(Brace yourself, this is a long post!)
Change has not been something we have been unfamiliar with this last year. James has had a change in job, living space, relationship went from long distance, to in-town, to “til death do we part” which is one of those amazing changes, um and this probably doesn’t count but he also changed gyms, heh. I, too, got all shimmied around, from full-time college student to corporate M-F/9-5, from lifeguard/swim teacher to inside a building all day long (surprisingly so difficult!), from youth helper to youth pastor (iknowright.), from single to taken, from dependent to, well…not, and again, ha, i changed gyms.
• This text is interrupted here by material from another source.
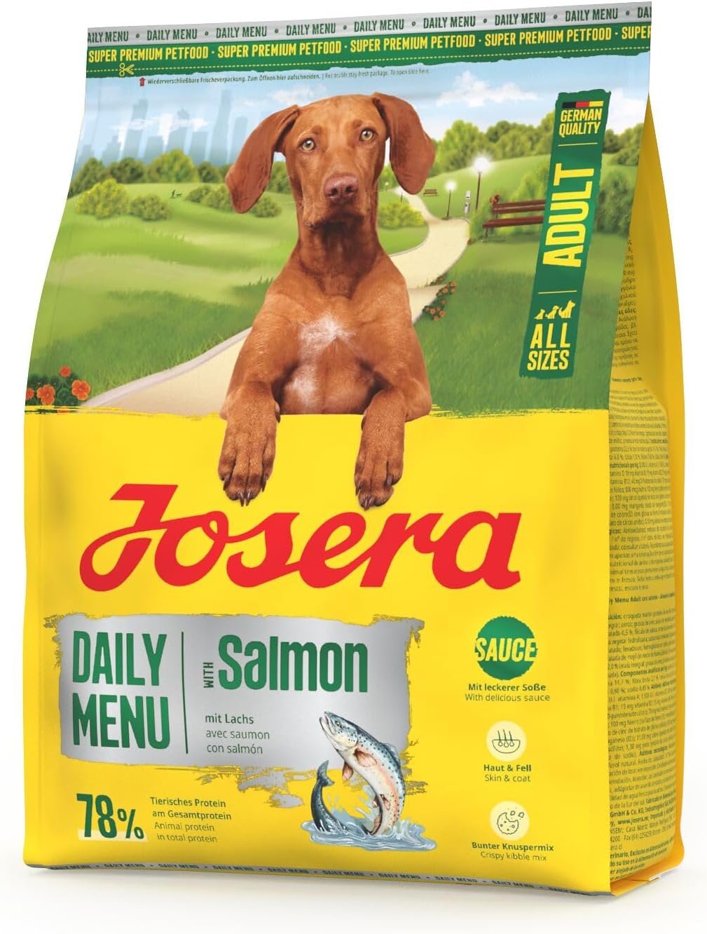 So bunt, so knackig, so lecker: Unser Josera Daily Menu Lachs bringt einen zweifarbigen Krokettenmix mit, der für Abwechslung in der Schüssel sorgt. Abgerundet wird die glutenfreie Rezeptur des Hundefutters für ausgewachsene Hunde mit köstlichem Lachs. Und jetzt das Beste: Durch die Zugabe von Wasser wird aus dem Soßenpulver eine leckere Soße! Das ist besonders bei wählerischen Hunden der Fall. Natürlich kann das Hundefutter mit Soße auch mehr als täglich schmecken. Denn wertvolle Vitamine, L-Carnitin und Taurin unterstützen schöne Haut und glänzendes Fell sowie Gelenke und Knochen. Was denken Sie: Könnte Daily Menu Lachs das neue Lieblingsessen für die tägliche Schüsselfüllung sein? Alleinfuttermittel für ausgewachsene Hunde

I’ve noticed that in the midst of the biggest changes, I was soo vulnerable. Everything’s different! …From not being able to find my favorite comfy jammies to not having favorite snackies on hand, to waking up and trying to remember if I’m still at school, my mama’s or in our new apt before I even open my eyes!
Through all of this, YES, God has totally been the Rock (can I get a big Amen). He knows. He totally and wholly and completely and entirely (and insert all the other “whole” words here) has been THERE. Both of our constant peace in the midst of craziness and change. Craziness like…driving all of my possessions (cough-clothes-cough) from UCI to Santa Cruz in two flatbed trucks and having it start to rain thirty minutes from my mom’s place (crazy devastation moment…don’t worry- everything was salvaged!). Yup, like then.
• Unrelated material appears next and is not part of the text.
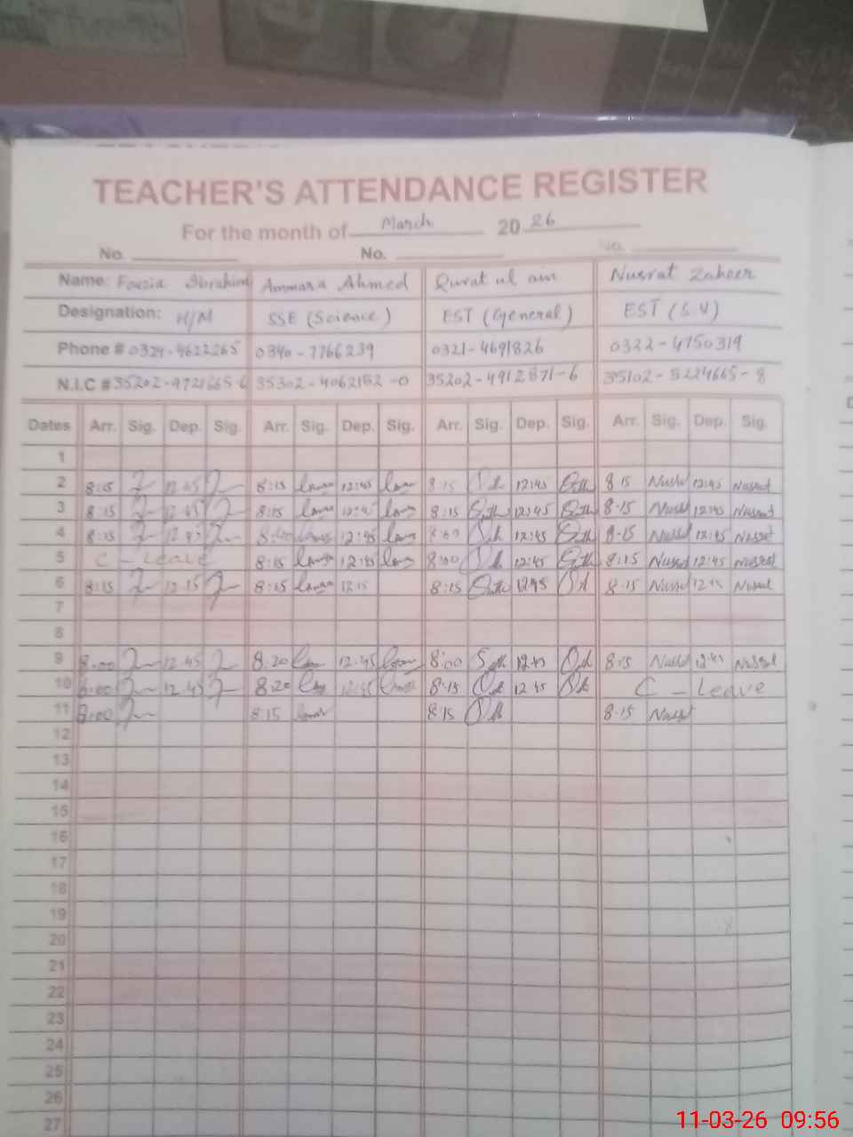 | 34**** | Kh**** Ba**** | PST Science/Maths | Regular | 0 | 0 | 0 | 0 | 0 | 0 | 0 | 0 | 0 | Exam Duty |

Or like when the wedding invite company told me that they printed everything incorrectly and the replacements are on backorder (and we’re already way behind schedule)…ew I don’t even like to remember that crazy moment. And in the complete life-altering moments, like when I answered “I do” to one of the most important covenants in. my. life.
Now, settling into our life here in our cute sleepy beach town, in our little apartment, we are still learning what it means to be hubs and wifey, while at the same time a family who serves God with everything and still knows the importance of growing closer together, also. So in many ways we are still gettin the hang of all of these changes, but we keep remembering that in the midst God is growing, stretching, and generously blessing us, and that these awkward charlie horses (you know, those cramps in your calves that you get as a kid and your mom tells you you’re growing so that’s why you get them, but then you get them as an adult and realize you don’t want to look any taller than you already do and please Lord don’t let me get any more monstrously tall in heels, those ones…) are totally so that we can live in God’s big fatty blessings! And because of all these things, we are thankful for those ch-ch-ch-changes. And David Bowie.